(Stefan Gleason, Money Metals News Service) Markets responded to the Federal Reserve’s widely anticipated 50 basis-point rate hike yesterday by rallying. Investors breathed a sigh of relief when Fed chairman Jerome Powell said a 75 basis-point future hike is off the table.
Virtually all asset classes – stocks, bonds, commodities, cryptocurrencies, and precious metals – moved higher by the end of the day. The question for investors is which rallies are sustainable – and which ones aren’t.
In the very near term, it’s possible for an “everything” relief rally to ensue. But it’s unlikely all asset classes will enter into major bull markets here.
Some may quickly resume the bearish trends that have prevailed so far in 2022.
For bonds, it was the worst four-month start to a year on a record. A similar story played out for Nasdaq-listed stocks.
Commodities, meanwhile, zoomed in the opposite direction to post impressive gains. Gold and silver went along for the ride before succumbing to selling pressure late last month.

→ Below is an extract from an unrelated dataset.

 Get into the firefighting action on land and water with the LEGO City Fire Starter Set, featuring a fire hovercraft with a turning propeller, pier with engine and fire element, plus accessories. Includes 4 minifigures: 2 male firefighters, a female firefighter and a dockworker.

With the recent news about inflation hitting a multi-decade high, some precious metals bulls are disappointed that gold and silver markets haven’t shown more strength. And the perma-bears who love to deride gold bugs want you to believe metals are destined to perform poorly as the Fed keeps hiking.

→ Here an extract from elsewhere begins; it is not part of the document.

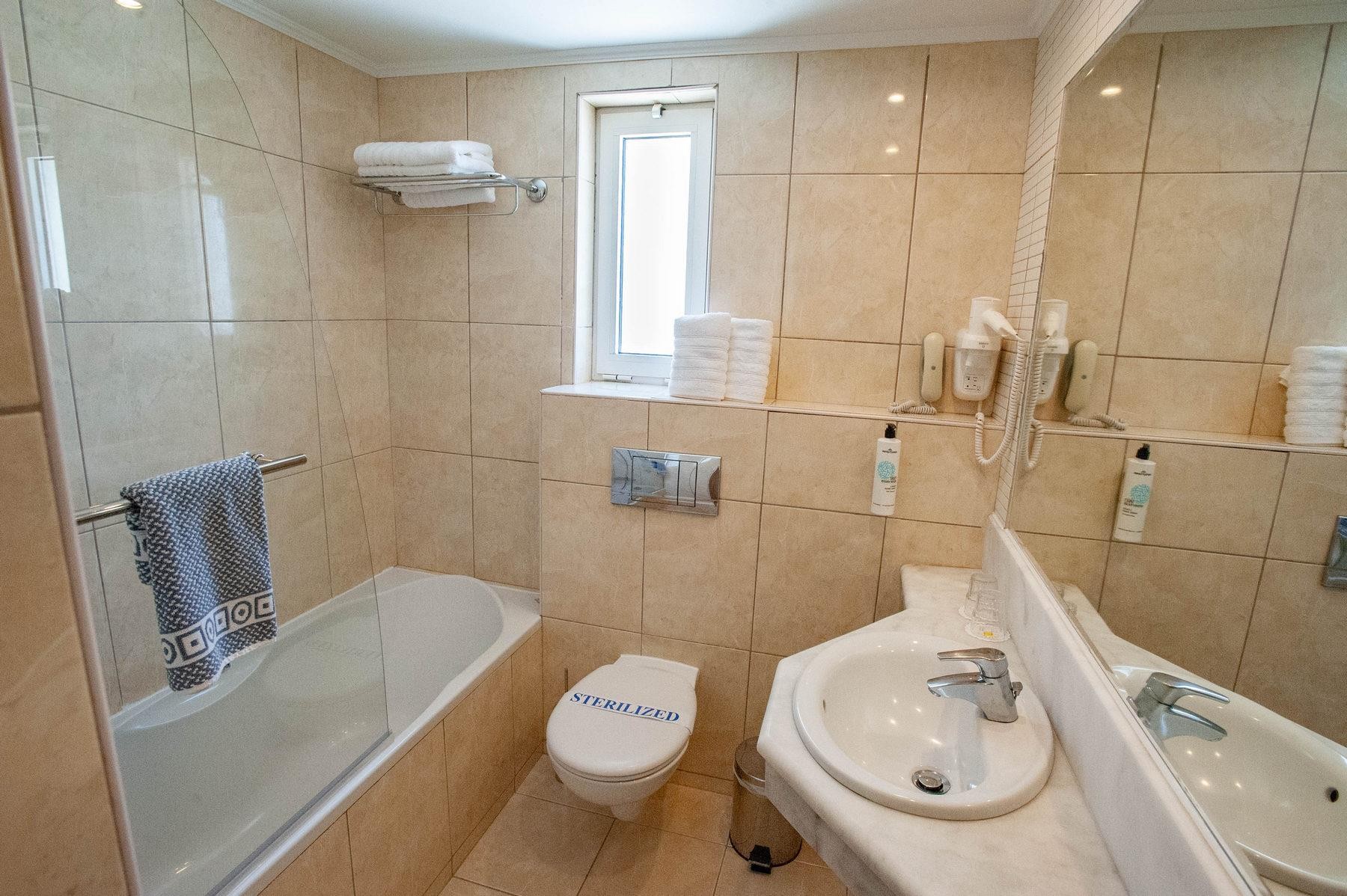 • fürdőszoba (fürdőkád vagy zuhanyozó, hajszárító, WC)

The measurable reality of gold’s recent and historical performance is far stronger than the naysayers acknowledge.
While gold is up a slight 3% year to date, it is vastly outperforming the 30-year Treasury bond (down 14%), the S&P 500 (down 10%), and even Bitcoin (down 15%).
Stock market enthusiasts who look at every dip as a buying opportunity might imagine that stocks are always the best asset class for the long run, that gold’s periods of outperformance are always short lived. They would be wrong.
If an entire decade isn’t a long enough period to consider, then how about two decades? Since May 5, 2002, the S&P 500 is up a total of 300%. Those returns have made stocks superior to bonds and cash, which have returned far less, over those 20 years.
Few buy-and-hold stock market investors would believe that they could have improved their returns by owning gold. But the measurable reality is that gold prices have gained 500% over the past two decades, handily besting stock market returns.
That’s despite the fact that gold spent most of 2012-2021 underperforming the stock market. Gold could be entering a new multi-year period of outperforming stocks within a multi-decade secular trend of outperformance.
The case for owning gold and silver now is compelling given the prevailing economic realities.
On the heels of a terrible first quarter GDP report and a series of worsening inflation readings, the U.S. economy in 2022 looks a lot like the stagflationary late 1970s – which gave us the last great precious metals mania.
Unfortunately, stagflation is a terrible backdrop for conventional stock and bond investing.
Billionaire hedge fund manager Paul Tudor Jones told CNBC this week, “You can’t think of a worse environment than where we are right now for financial assets.” He noted that investors must contend with “inflation on the one hand, slowing growth on the other” and concluded, “you don’t want to own bonds and stocks.”
The 1970s bear market in financial assets was brutal. People tend to forget just how much real value was wiped out in the stock market because more was lost due to inflation than to price declines.
The Dow Jones Industrial Average hit a nominal price bottom in 1974. But it didn’t hit a real bottom until 1982 – after losing a devastating 75% from its peak, when measured against the Consumer Price Index (which was later reconfigured to understate inflation).
There were few places to hide during the 1970s besides precious metals.
From 1970 through 1979 – which notably included periods when the Fed was hiking rates aggressively – gold surged 15 times higher. That was more than enough to generate positive returns after inflation!
Silver during the late 1970s performed even better, leading to a spectacular 1980 spike to nearly $50/oz – a level that has yet to be exceeded decisively.
Even if we don’t see another precious metals bull run of similar magnitude this decade, there is still a good chance that gold and silver will hold up better in this challenging environment than both stocks and bonds. And there is still time for investors to position their portfolios accordingly.